» **Instructions for the task**
After locating the line containing "1 шт., мини-солнечный" in the entries below, please write out that line and the rest through the end exactly. Omit pictures.

+++ Records supplied +++

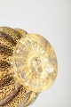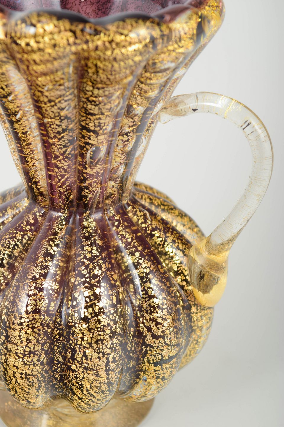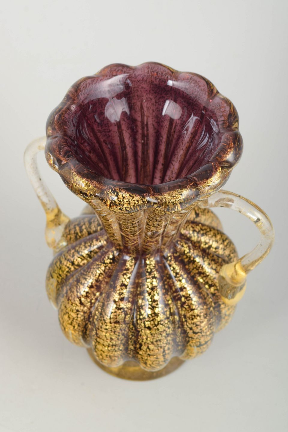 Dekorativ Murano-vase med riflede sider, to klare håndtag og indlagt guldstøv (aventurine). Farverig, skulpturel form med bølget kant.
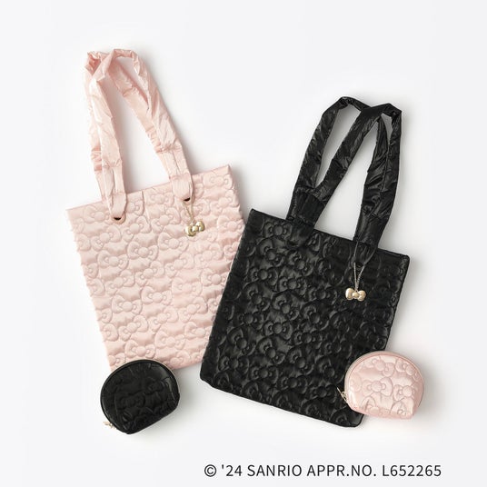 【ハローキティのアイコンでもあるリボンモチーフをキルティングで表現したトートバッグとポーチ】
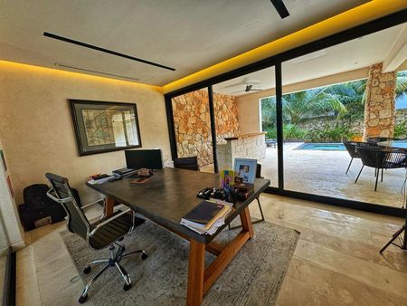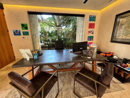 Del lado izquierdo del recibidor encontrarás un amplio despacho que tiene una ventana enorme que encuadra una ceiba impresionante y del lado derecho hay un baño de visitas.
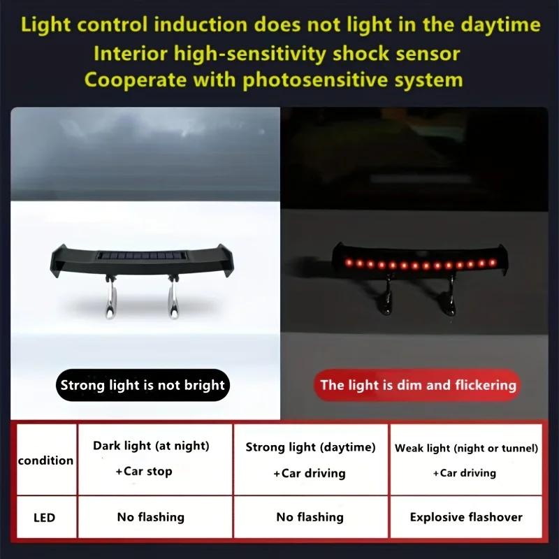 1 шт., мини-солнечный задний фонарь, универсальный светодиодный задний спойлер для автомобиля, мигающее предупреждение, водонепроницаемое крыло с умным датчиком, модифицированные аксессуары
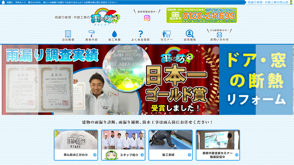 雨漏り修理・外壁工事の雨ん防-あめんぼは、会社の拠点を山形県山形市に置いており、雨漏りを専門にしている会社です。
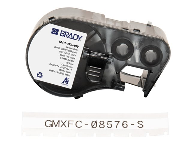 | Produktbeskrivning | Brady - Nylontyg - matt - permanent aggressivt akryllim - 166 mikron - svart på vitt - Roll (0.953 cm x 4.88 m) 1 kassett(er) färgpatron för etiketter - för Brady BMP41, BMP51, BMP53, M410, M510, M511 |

+++

» **Answer below**
 1 шт., мини-солнечный задний фонарь, универсальный светодиодный задний спойлер для автомобиля, мигающее предупреждение, водонепроницаемое крыло с умным датчиком, модифицированные аксессуары
 雨漏り修理・外壁工事の雨ん防-あめんぼは、会社の拠点を山形県山形市に置いており、雨漏りを専門にしている会社です。
 | Produktbeskrivning | Brady - Nylontyg - matt - permanent aggressivt akryllim - 166 mikron - svart på vitt - Roll (0.953 cm x 4.88 m) 1 kassett(er) färgpatron för etiketter - för Brady BMP41, BMP51, BMP53, M410, M510, M511 |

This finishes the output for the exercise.